Aim of the exercise
The response should consist of the data below, copied exactly, with no pictures in it.

Supplied material
________________________
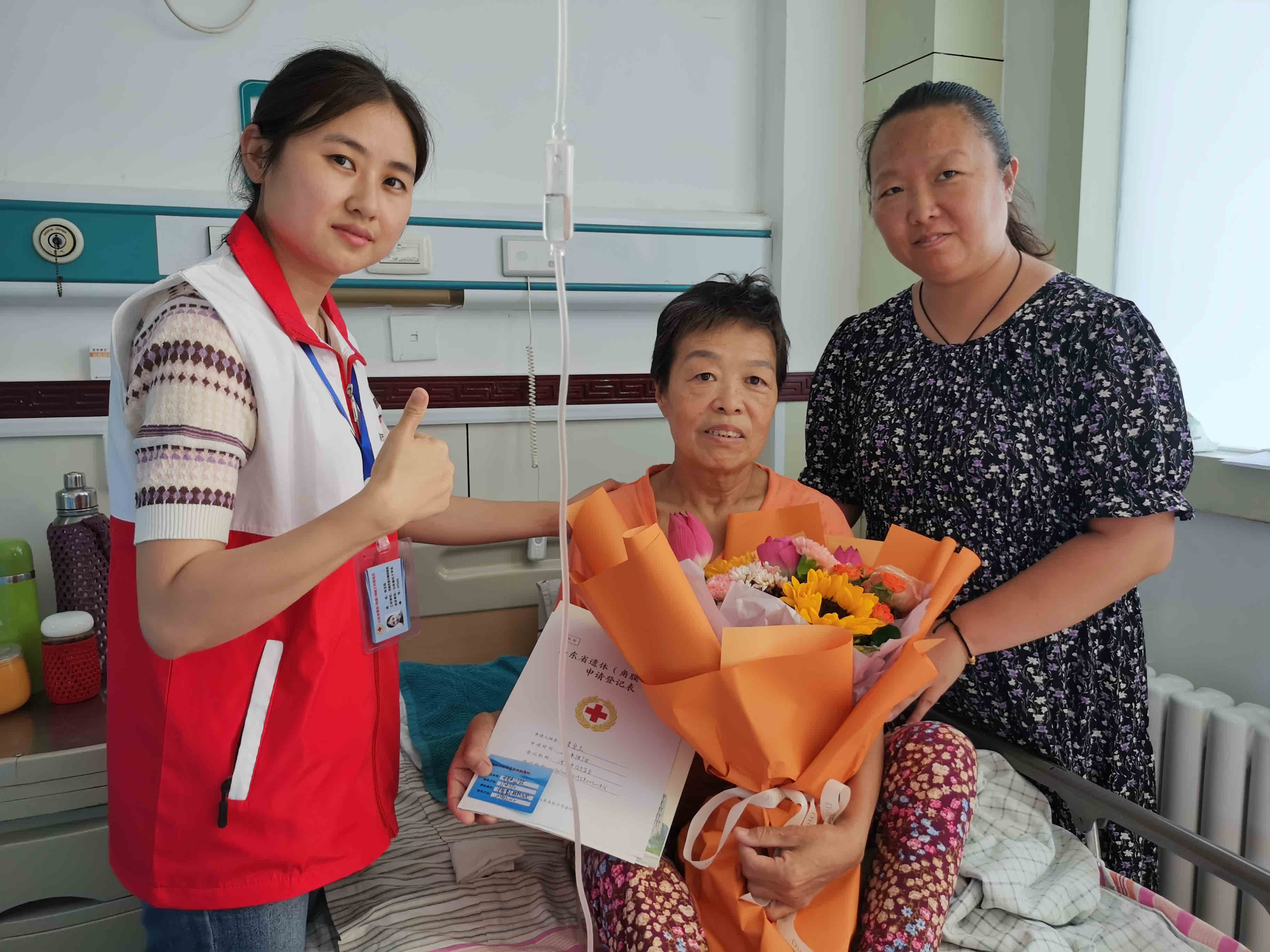 7月7日上午,山東省遺體(角膜)捐獻(xiàn)工作聯(lián)絡(luò)員、濟(jì)南市紅十字志愿者張玉廷來到駐濟(jì)某醫(yī)院,為愛心市民李金玉老人辦理了角膜捐獻(xiàn)登記手續(xù)。
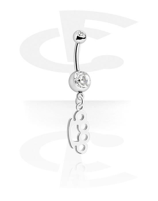 Prsten za pupak (kirurški čelik, srebrna, sjajna završna obrada) s privjeskom boksera i kristalnim kamenjem
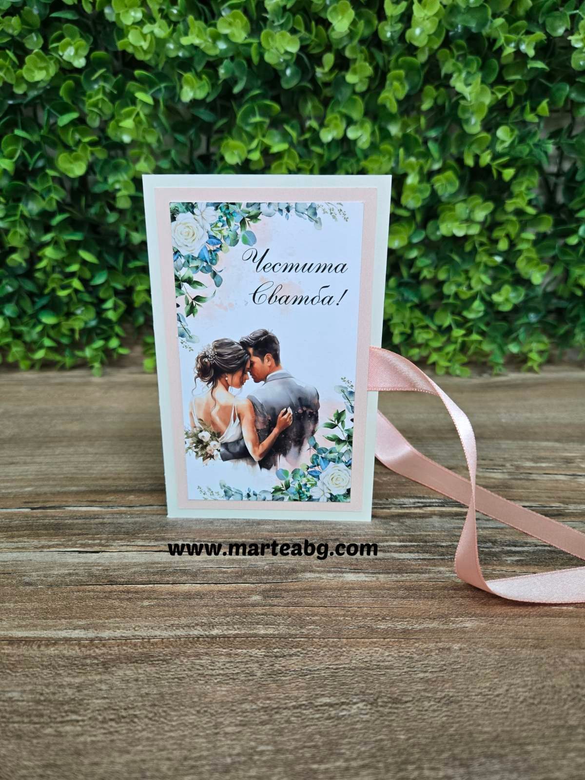 Текстът върху картичката може да бъде изработен по желание на клиента.
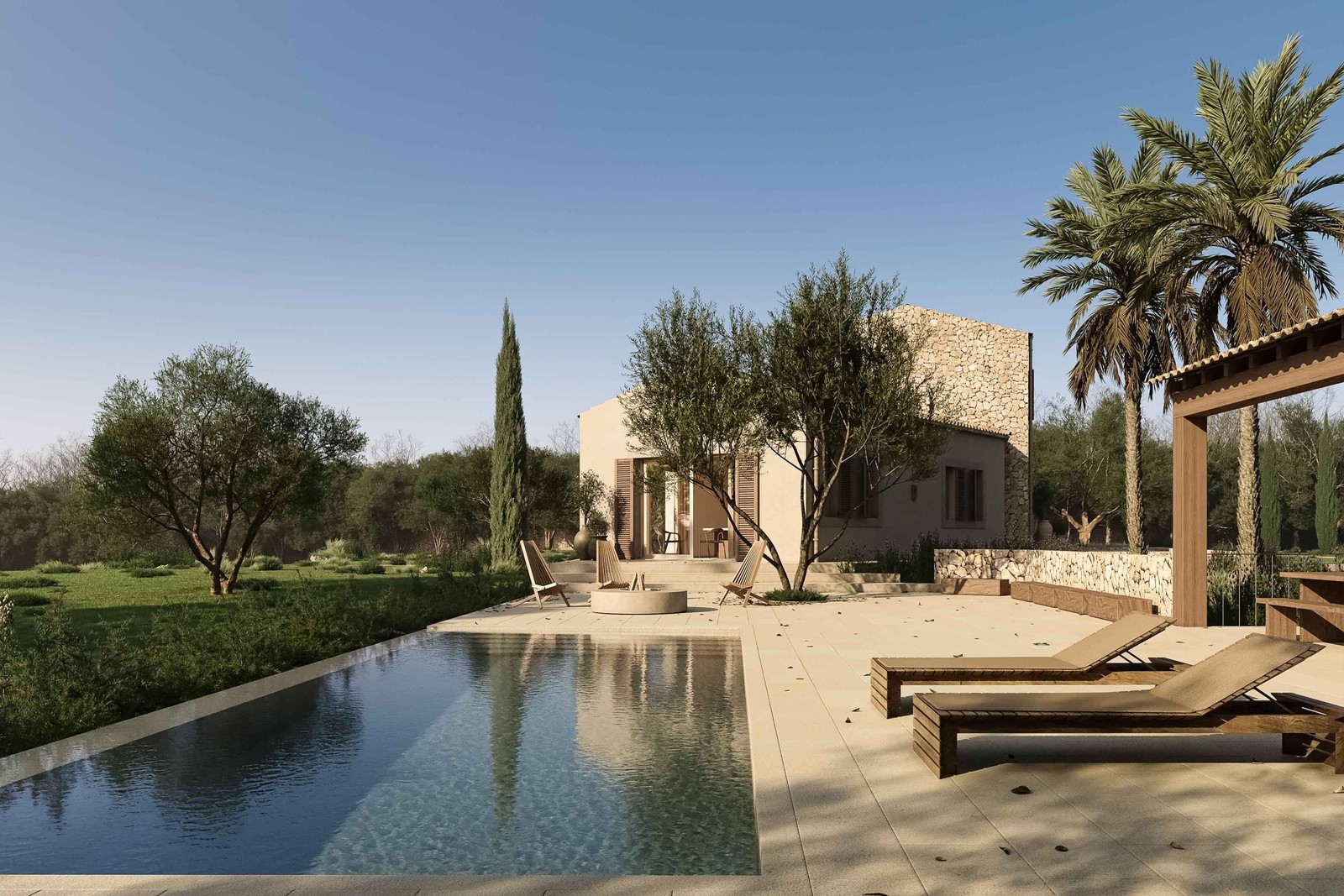 Villan ligger på en en generös tomt på 59.235 m2 och består av en byggnad i tre plan omgiven av en vacker medelhavstädgård. Bostaden är en perfekt symbios av tidlös design och traditionell, rustik mallorkinsk arkitektur, vilket skapar en unik och harmonisk känsla genom hela bostaden. Arkitekten har med stor omsorg och precision arbetat med varje detalj för att skapa en perfekt balans mellan komfort och estetik. Golv och vägg material smälter samman för att ge en känsla av lugn och ro.
________________________
Solution to this task
 7月7日上午,山東省遺體(角膜)捐獻(xiàn)工作聯(lián)絡(luò)員、濟(jì)南市紅十字志愿者張玉廷來到駐濟(jì)某醫(yī)院,為愛心市民李金玉老人辦理了角膜捐獻(xiàn)登記手續(xù)。
 Prsten za pupak (kirurški čelik, srebrna, sjajna završna obrada) s privjeskom boksera i kristalnim kamenjem
 Текстът върху картичката може да бъде изработен по желание на клиента.
 Villan ligger på en en generös tomt på 59.235 m2 och består av en byggnad i tre plan omgiven av en vacker medelhavstädgård. Bostaden är en perfekt symbios av tidlös design och traditionell, rustik mallorkinsk arkitektur, vilket skapar en unik och harmonisk känsla genom hela bostaden. Arkitekten har med stor omsorg och precision arbetat med varje detalj för att skapa en perfekt balans mellan komfort och estetik. Golv och vägg material smälter samman för att ge en känsla av lugn och ro.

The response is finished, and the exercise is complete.